Exercise:
Scan the records below for the line with "We need to set" and the line with "Dantelă brodată solubilă", and retype that range exactly, both ends included, pictures excepted.

Material supplied:
--- START ---
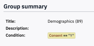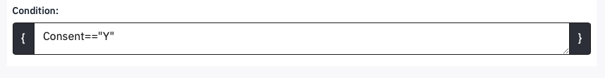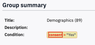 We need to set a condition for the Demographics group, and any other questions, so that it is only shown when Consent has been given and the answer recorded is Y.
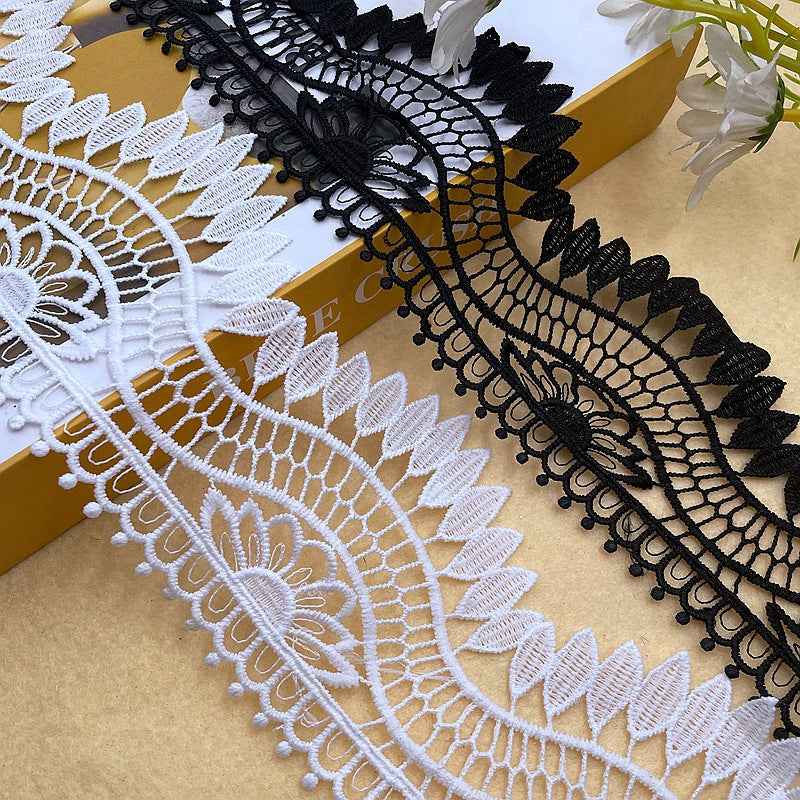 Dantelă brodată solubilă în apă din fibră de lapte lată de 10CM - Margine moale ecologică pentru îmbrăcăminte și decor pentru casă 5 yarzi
--- END ---
--- START ---
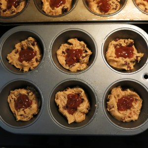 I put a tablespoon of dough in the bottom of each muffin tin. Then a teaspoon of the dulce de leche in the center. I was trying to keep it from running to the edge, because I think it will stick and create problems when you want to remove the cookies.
--- END ---
Output of the task:
 We need to set a condition for the Demographics group, and any other questions, so that it is only shown when Consent has been given and the answer recorded is Y.
 Dantelă brodată solubilă în apă din fibră de lapte lată de 10CM - Margine moale ecologică pentru îmbrăcăminte și decor pentru casă 5 yarzi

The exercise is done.